» **Task requirements**
Please give all of the data again, character for character, and drop the pictures.
### Given data ###
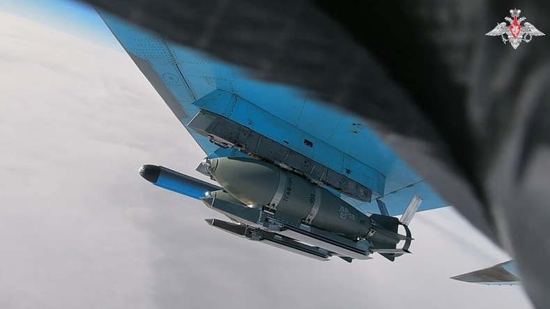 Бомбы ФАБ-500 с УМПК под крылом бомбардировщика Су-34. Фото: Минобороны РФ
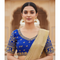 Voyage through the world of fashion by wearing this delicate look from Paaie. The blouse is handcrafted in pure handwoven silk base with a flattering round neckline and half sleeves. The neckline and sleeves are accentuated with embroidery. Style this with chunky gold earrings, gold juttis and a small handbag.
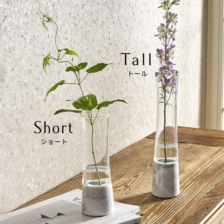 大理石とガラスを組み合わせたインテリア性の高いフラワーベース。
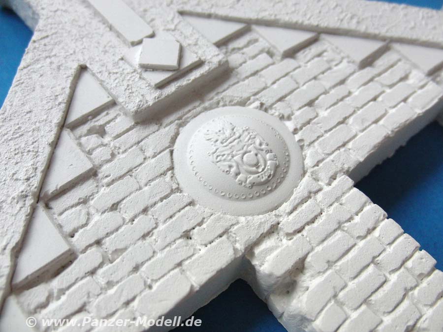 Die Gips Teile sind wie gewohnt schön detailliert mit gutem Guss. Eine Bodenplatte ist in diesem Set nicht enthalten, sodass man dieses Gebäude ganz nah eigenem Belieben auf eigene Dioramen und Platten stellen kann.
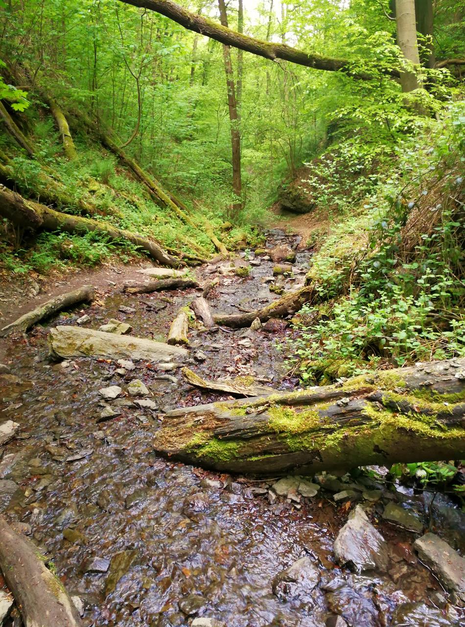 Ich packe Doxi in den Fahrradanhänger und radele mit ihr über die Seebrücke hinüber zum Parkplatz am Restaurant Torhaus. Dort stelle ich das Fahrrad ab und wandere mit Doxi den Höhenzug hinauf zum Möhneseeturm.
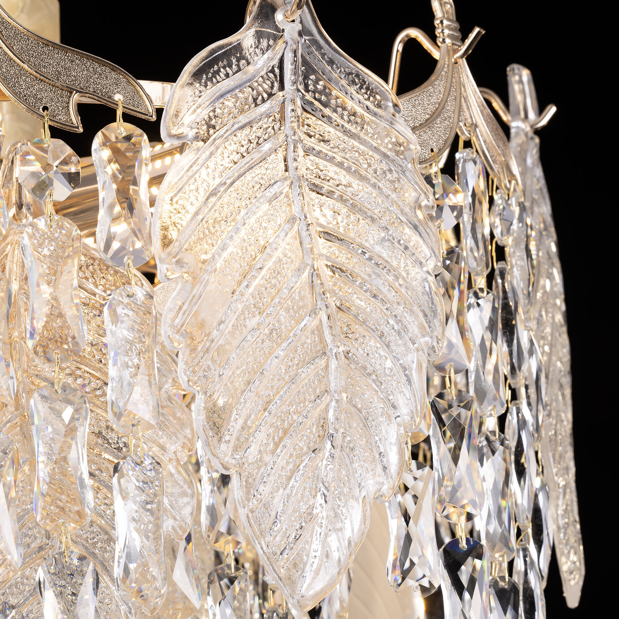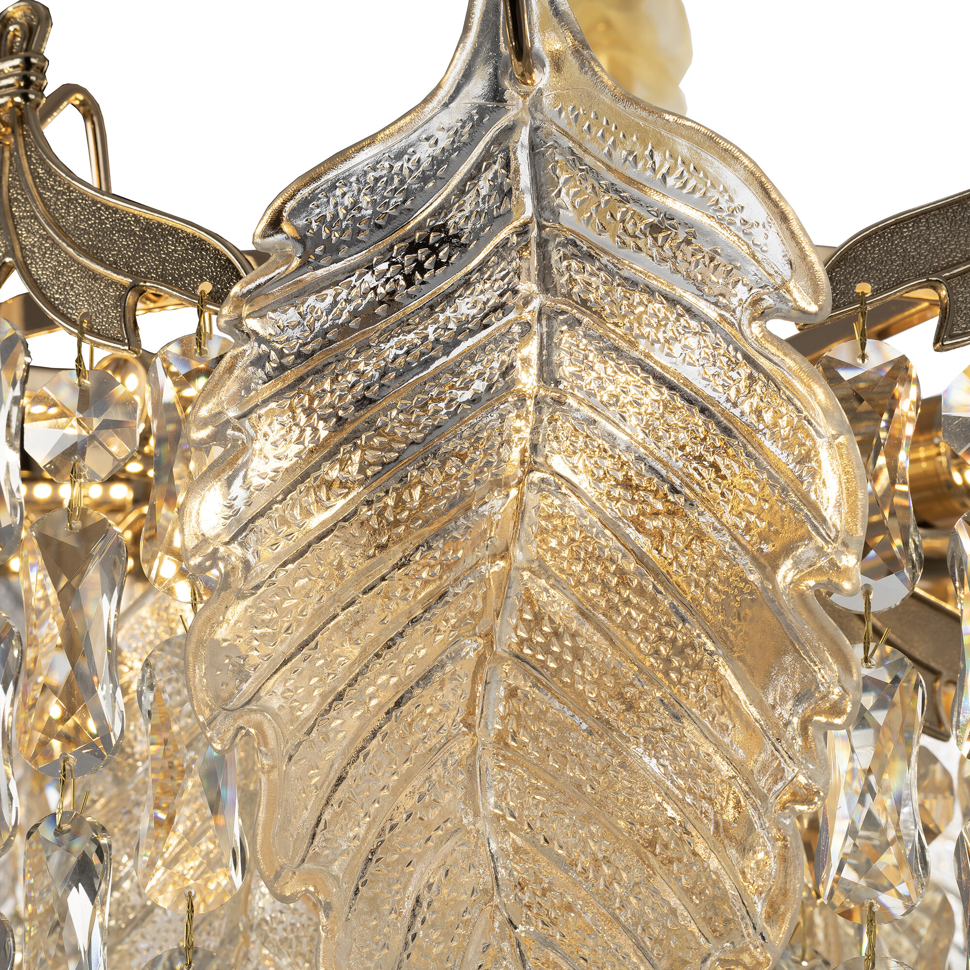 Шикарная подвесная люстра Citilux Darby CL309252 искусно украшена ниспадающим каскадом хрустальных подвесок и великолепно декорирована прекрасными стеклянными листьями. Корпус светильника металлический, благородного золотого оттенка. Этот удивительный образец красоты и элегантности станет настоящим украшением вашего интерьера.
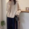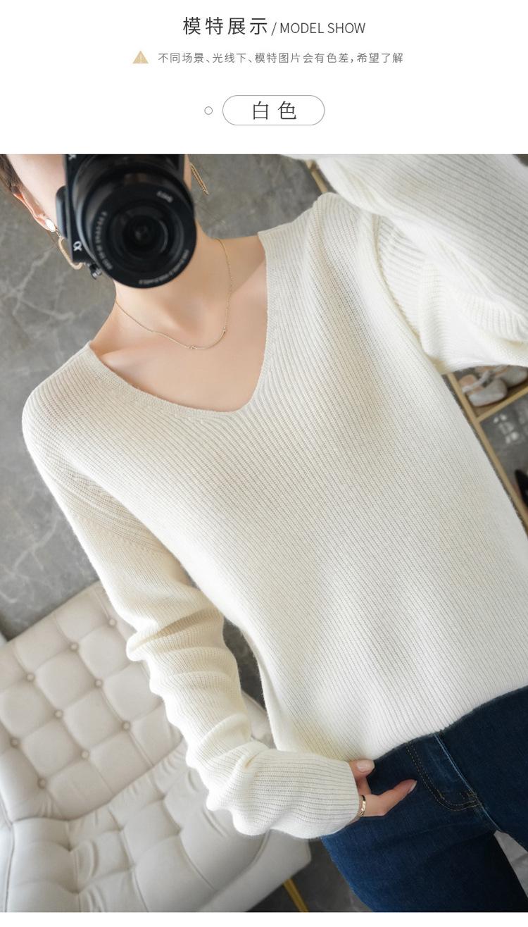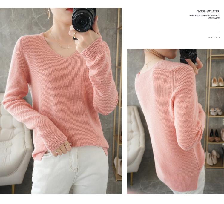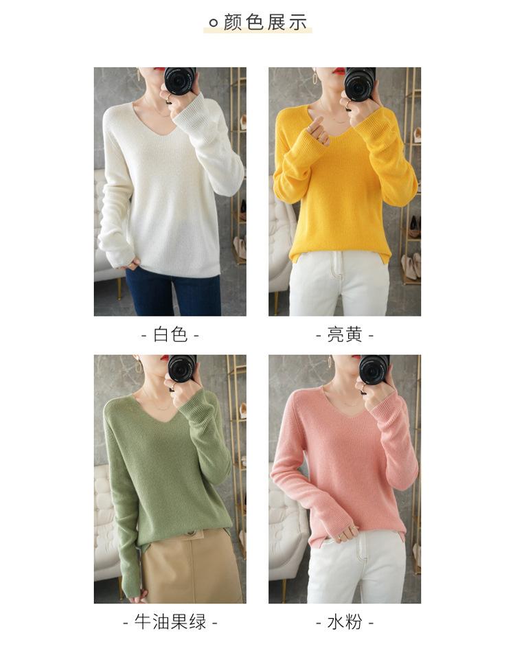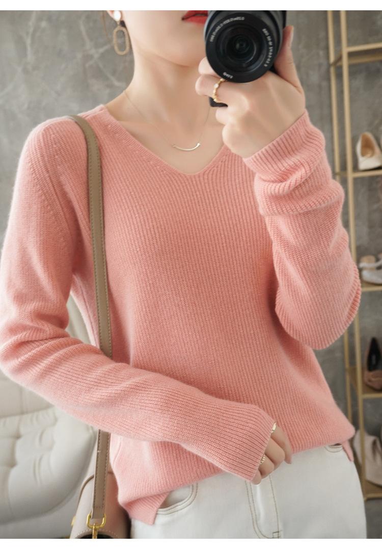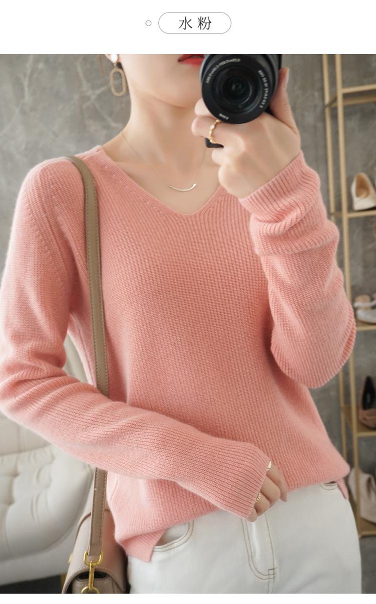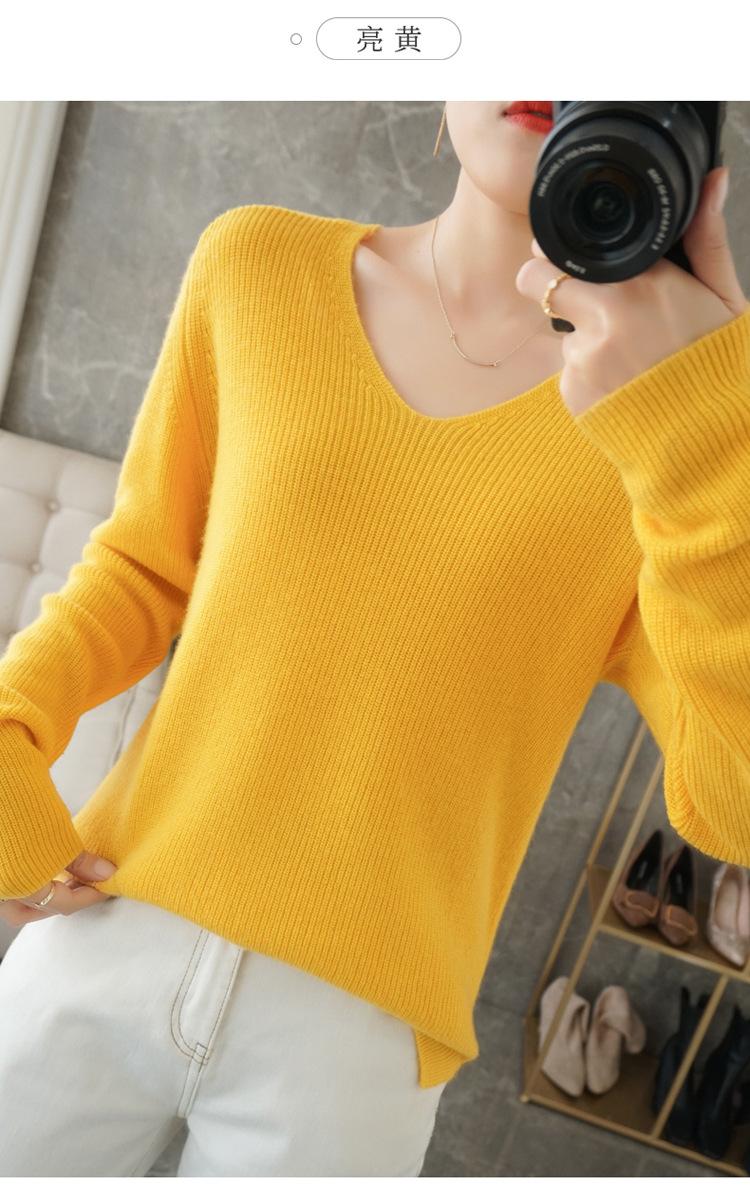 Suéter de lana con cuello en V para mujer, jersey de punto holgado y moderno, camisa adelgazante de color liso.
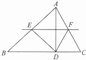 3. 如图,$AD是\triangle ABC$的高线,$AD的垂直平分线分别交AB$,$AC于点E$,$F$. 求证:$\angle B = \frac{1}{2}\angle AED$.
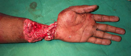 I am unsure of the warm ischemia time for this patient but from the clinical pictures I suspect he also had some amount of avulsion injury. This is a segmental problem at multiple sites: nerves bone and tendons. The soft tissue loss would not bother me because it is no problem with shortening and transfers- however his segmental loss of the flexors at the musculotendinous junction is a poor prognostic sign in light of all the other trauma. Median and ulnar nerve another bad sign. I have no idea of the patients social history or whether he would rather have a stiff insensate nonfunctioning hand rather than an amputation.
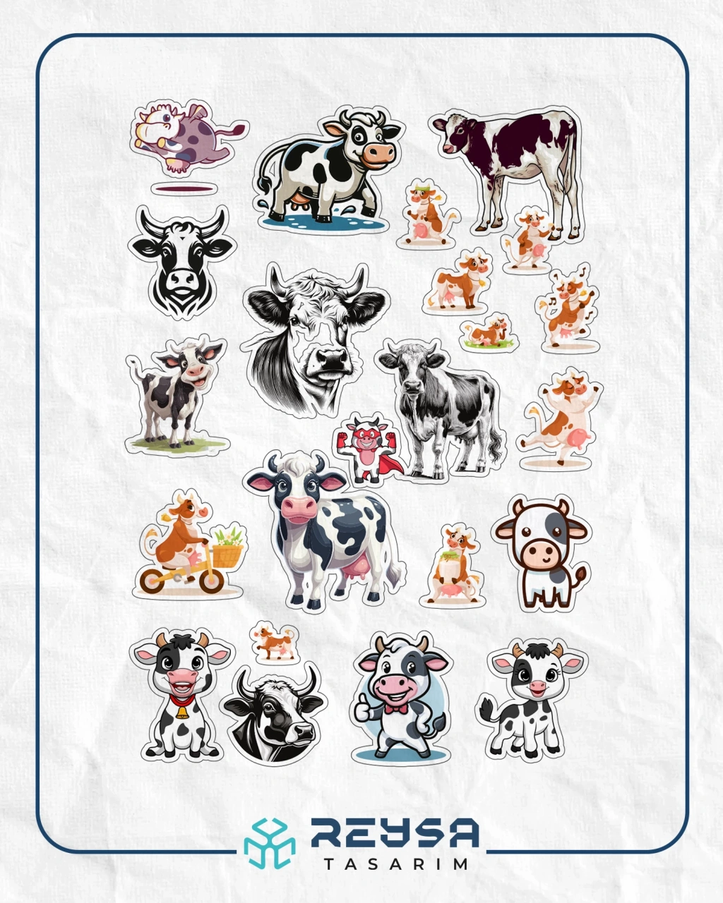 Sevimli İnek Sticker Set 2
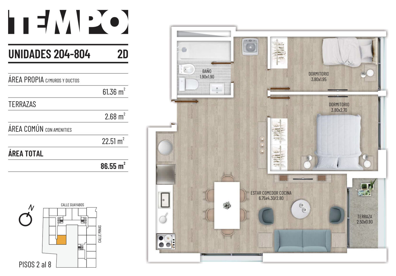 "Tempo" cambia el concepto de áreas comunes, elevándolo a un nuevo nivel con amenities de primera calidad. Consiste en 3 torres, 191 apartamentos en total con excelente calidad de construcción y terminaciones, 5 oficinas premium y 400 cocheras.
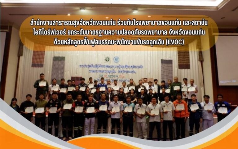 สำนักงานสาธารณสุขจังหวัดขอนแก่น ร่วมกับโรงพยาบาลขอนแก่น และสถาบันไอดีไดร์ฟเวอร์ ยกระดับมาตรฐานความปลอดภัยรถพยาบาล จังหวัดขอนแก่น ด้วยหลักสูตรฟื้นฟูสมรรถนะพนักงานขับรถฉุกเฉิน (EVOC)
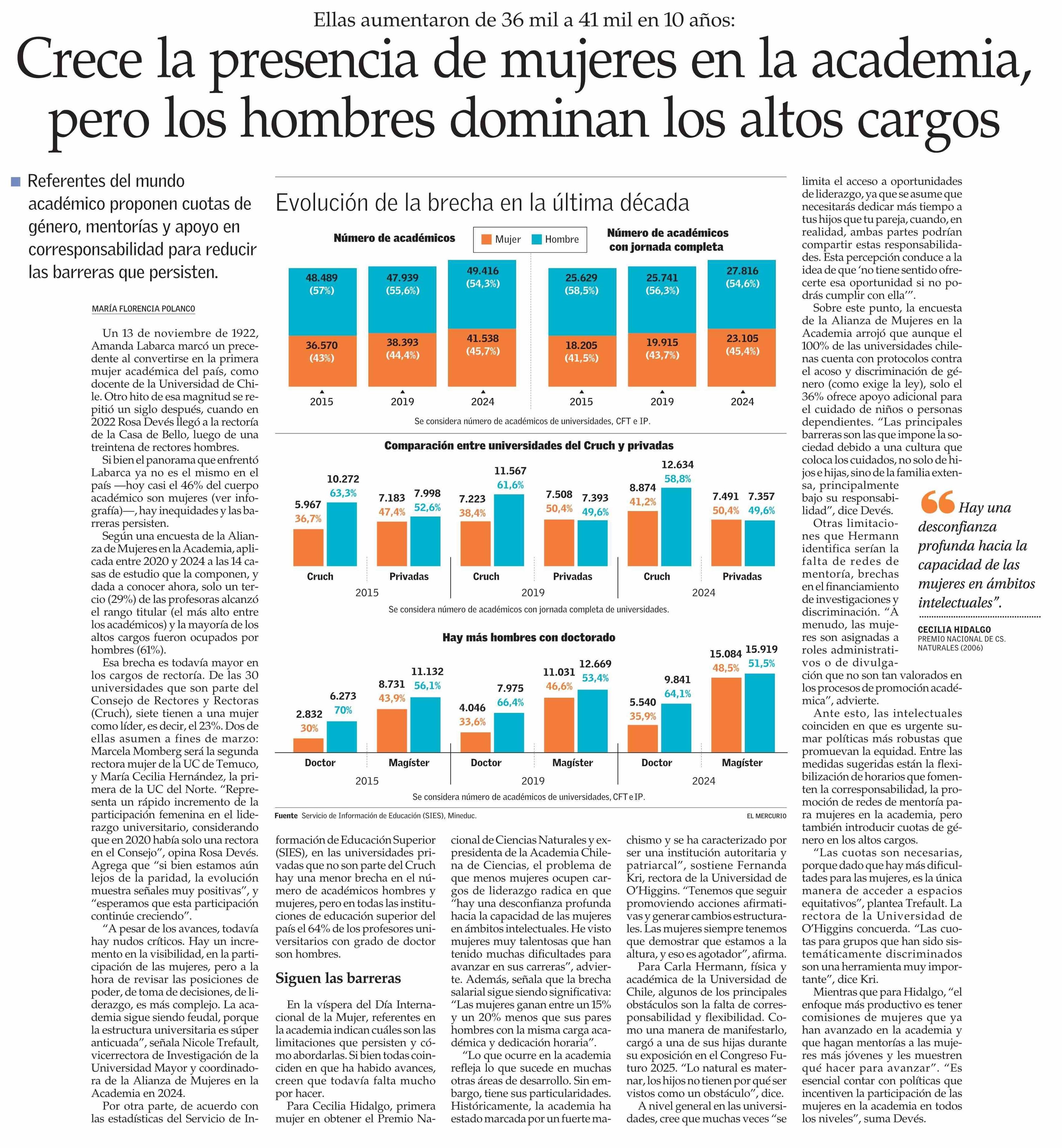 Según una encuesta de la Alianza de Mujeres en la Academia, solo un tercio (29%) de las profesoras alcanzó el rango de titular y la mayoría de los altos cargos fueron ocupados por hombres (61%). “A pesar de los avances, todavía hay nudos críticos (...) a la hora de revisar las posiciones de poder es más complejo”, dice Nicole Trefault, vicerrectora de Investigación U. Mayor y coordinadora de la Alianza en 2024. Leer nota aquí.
###
» **Answer to this exercise**
 Бомбы ФАБ-500 с УМПК под крылом бомбардировщика Су-34. Фото: Минобороны РФ
 Voyage through the world of fashion by wearing this delicate look from Paaie. The blouse is handcrafted in pure handwoven silk base with a flattering round neckline and half sleeves. The neckline and sleeves are accentuated with embroidery. Style this with chunky gold earrings, gold juttis and a small handbag.
 大理石とガラスを組み合わせたインテリア性の高いフラワーベース。
 Die Gips Teile sind wie gewohnt schön detailliert mit gutem Guss. Eine Bodenplatte ist in diesem Set nicht enthalten, sodass man dieses Gebäude ganz nah eigenem Belieben auf eigene Dioramen und Platten stellen kann.
 Ich packe Doxi in den Fahrradanhänger und radele mit ihr über die Seebrücke hinüber zum Parkplatz am Restaurant Torhaus. Dort stelle ich das Fahrrad ab und wandere mit Doxi den Höhenzug hinauf zum Möhneseeturm.
 Шикарная подвесная люстра Citilux Darby CL309252 искусно украшена ниспадающим каскадом хрустальных подвесок и великолепно декорирована прекрасными стеклянными листьями. Корпус светильника металлический, благородного золотого оттенка. Этот удивительный образец красоты и элегантности станет настоящим украшением вашего интерьера.
 Suéter de lana con cuello en V para mujer, jersey de punto holgado y moderno, camisa adelgazante de color liso.
 3. 如图,$AD是\triangle ABC$的高线,$AD的垂直平分线分别交AB$,$AC于点E$,$F$. 求证:$\angle B = \frac{1}{2}\angle AED$.
 I am unsure of the warm ischemia time for this patient but from the clinical pictures I suspect he also had some amount of avulsion injury. This is a segmental problem at multiple sites: nerves bone and tendons. The soft tissue loss would not bother me because it is no problem with shortening and transfers- however his segmental loss of the flexors at the musculotendinous junction is a poor prognostic sign in light of all the other trauma. Median and ulnar nerve another bad sign. I have no idea of the patients social history or whether he would rather have a stiff insensate nonfunctioning hand rather than an amputation.
 Sevimli İnek Sticker Set 2
 "Tempo" cambia el concepto de áreas comunes, elevándolo a un nuevo nivel con amenities de primera calidad. Consiste en 3 torres, 191 apartamentos en total con excelente calidad de construcción y terminaciones, 5 oficinas premium y 400 cocheras.
 สำนักงานสาธารณสุขจังหวัดขอนแก่น ร่วมกับโรงพยาบาลขอนแก่น และสถาบันไอดีไดร์ฟเวอร์ ยกระดับมาตรฐานความปลอดภัยรถพยาบาล จังหวัดขอนแก่น ด้วยหลักสูตรฟื้นฟูสมรรถนะพนักงานขับรถฉุกเฉิน (EVOC)
 Según una encuesta de la Alianza de Mujeres en la Academia, solo un tercio (29%) de las profesoras alcanzó el rango de titular y la mayoría de los altos cargos fueron ocupados por hombres (61%). “A pesar de los avances, todavía hay nudos críticos (...) a la hora de revisar las posiciones de poder es más complejo”, dice Nicole Trefault, vicerrectora de Investigación U. Mayor y coordinadora de la Alianza en 2024. Leer nota aquí.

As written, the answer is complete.